[Goal of the exercise] Look below for the line with "논문의 Figure 1에서"; begin the copy there and stop after the line with "Optimistic investors have", keeping the text exact and the pictures out.

[Input data]
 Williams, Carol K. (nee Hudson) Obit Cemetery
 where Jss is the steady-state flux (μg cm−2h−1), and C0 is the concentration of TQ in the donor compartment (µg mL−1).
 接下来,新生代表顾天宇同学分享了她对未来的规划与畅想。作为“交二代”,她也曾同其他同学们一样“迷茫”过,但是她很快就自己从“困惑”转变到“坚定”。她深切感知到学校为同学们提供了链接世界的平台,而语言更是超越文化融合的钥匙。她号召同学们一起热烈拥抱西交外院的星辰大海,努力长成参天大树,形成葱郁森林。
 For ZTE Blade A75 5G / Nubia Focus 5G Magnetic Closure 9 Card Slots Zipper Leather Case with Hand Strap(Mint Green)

* * *

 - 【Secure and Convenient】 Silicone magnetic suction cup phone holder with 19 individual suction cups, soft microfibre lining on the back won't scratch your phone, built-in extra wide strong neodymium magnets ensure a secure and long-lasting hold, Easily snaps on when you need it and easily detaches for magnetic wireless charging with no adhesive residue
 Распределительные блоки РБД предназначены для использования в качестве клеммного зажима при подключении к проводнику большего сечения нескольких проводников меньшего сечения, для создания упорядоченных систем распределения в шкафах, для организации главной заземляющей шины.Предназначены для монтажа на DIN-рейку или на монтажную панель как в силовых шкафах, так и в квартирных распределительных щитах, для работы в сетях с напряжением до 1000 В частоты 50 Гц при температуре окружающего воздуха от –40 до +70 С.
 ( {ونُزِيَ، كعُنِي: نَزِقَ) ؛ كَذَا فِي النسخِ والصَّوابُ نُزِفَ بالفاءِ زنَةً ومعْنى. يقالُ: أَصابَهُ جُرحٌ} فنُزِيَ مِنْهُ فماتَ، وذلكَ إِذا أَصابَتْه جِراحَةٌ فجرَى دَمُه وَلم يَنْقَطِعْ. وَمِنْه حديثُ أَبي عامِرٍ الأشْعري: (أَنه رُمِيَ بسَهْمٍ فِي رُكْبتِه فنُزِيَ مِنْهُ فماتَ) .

--

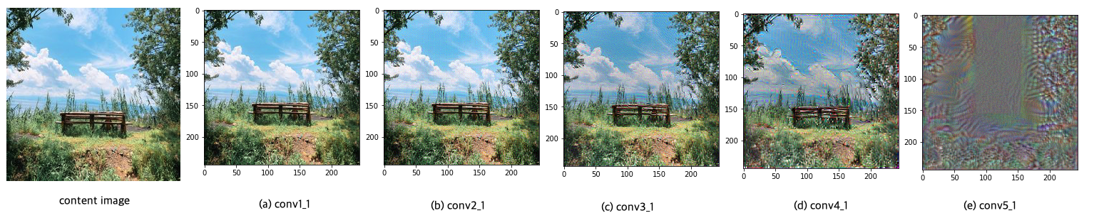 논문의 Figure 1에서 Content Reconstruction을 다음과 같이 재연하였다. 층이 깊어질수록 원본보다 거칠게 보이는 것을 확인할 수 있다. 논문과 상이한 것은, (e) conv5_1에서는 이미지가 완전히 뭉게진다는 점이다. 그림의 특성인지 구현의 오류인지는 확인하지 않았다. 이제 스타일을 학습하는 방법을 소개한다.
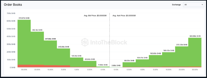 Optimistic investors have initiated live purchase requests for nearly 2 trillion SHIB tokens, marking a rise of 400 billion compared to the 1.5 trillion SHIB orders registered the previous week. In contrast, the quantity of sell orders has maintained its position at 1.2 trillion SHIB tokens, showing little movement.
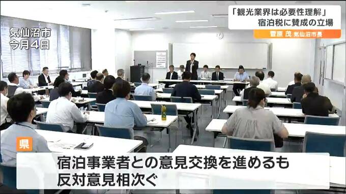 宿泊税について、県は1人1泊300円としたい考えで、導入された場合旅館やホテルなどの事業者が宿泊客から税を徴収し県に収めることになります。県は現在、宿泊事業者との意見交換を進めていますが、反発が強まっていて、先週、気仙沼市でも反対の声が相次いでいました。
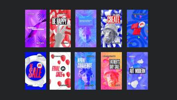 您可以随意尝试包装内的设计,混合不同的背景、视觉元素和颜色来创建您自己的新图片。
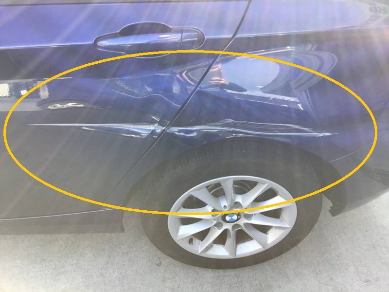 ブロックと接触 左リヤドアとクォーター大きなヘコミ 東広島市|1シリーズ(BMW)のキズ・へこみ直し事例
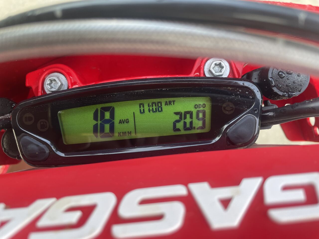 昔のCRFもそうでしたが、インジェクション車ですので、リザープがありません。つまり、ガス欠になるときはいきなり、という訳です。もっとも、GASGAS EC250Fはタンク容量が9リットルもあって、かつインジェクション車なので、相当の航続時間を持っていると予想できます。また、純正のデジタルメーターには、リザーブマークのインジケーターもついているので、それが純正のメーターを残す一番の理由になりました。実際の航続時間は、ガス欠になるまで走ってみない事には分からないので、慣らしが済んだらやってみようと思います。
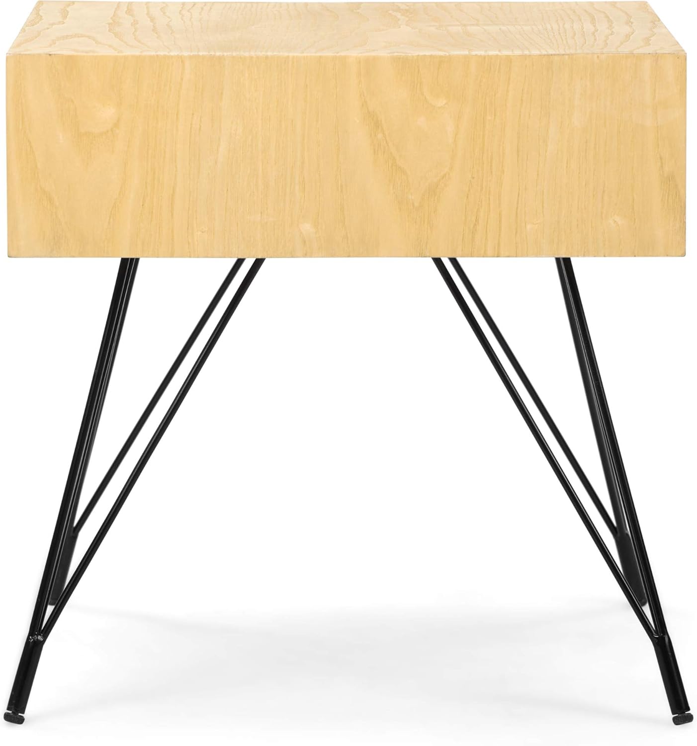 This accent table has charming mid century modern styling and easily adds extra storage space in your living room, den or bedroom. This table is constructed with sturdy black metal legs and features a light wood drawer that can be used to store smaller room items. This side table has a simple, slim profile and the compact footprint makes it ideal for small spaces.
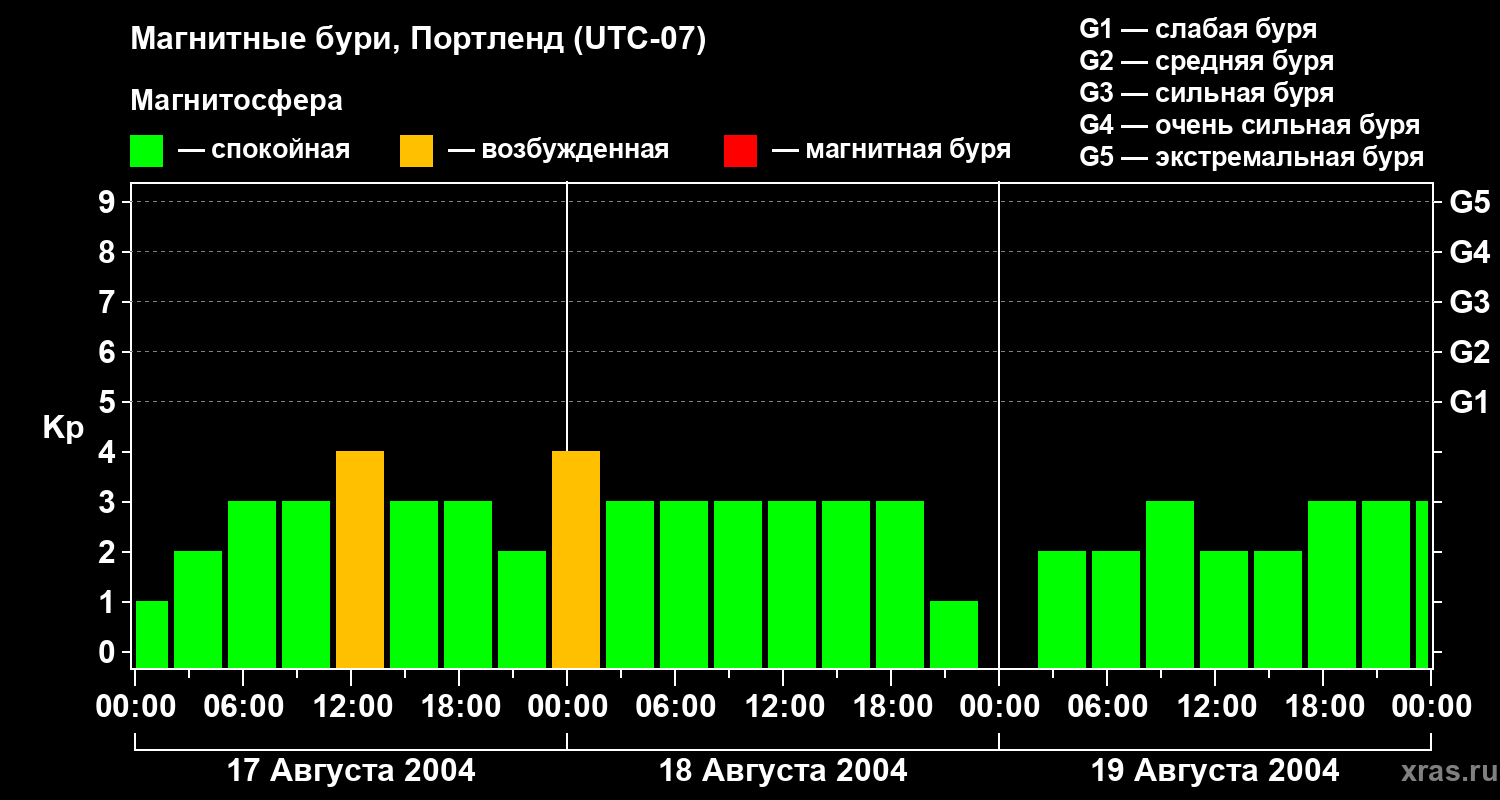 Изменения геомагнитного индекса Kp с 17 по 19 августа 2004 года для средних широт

[Written answer]
 논문의 Figure 1에서 Content Reconstruction을 다음과 같이 재연하였다. 층이 깊어질수록 원본보다 거칠게 보이는 것을 확인할 수 있다. 논문과 상이한 것은, (e) conv5_1에서는 이미지가 완전히 뭉게진다는 점이다. 그림의 특성인지 구현의 오류인지는 확인하지 않았다. 이제 스타일을 학습하는 방법을 소개한다.
 Optimistic investors have initiated live purchase requests for nearly 2 trillion SHIB tokens, marking a rise of 400 billion compared to the 1.5 trillion SHIB orders registered the previous week. In contrast, the quantity of sell orders has maintained its position at 1.2 trillion SHIB tokens, showing little movement.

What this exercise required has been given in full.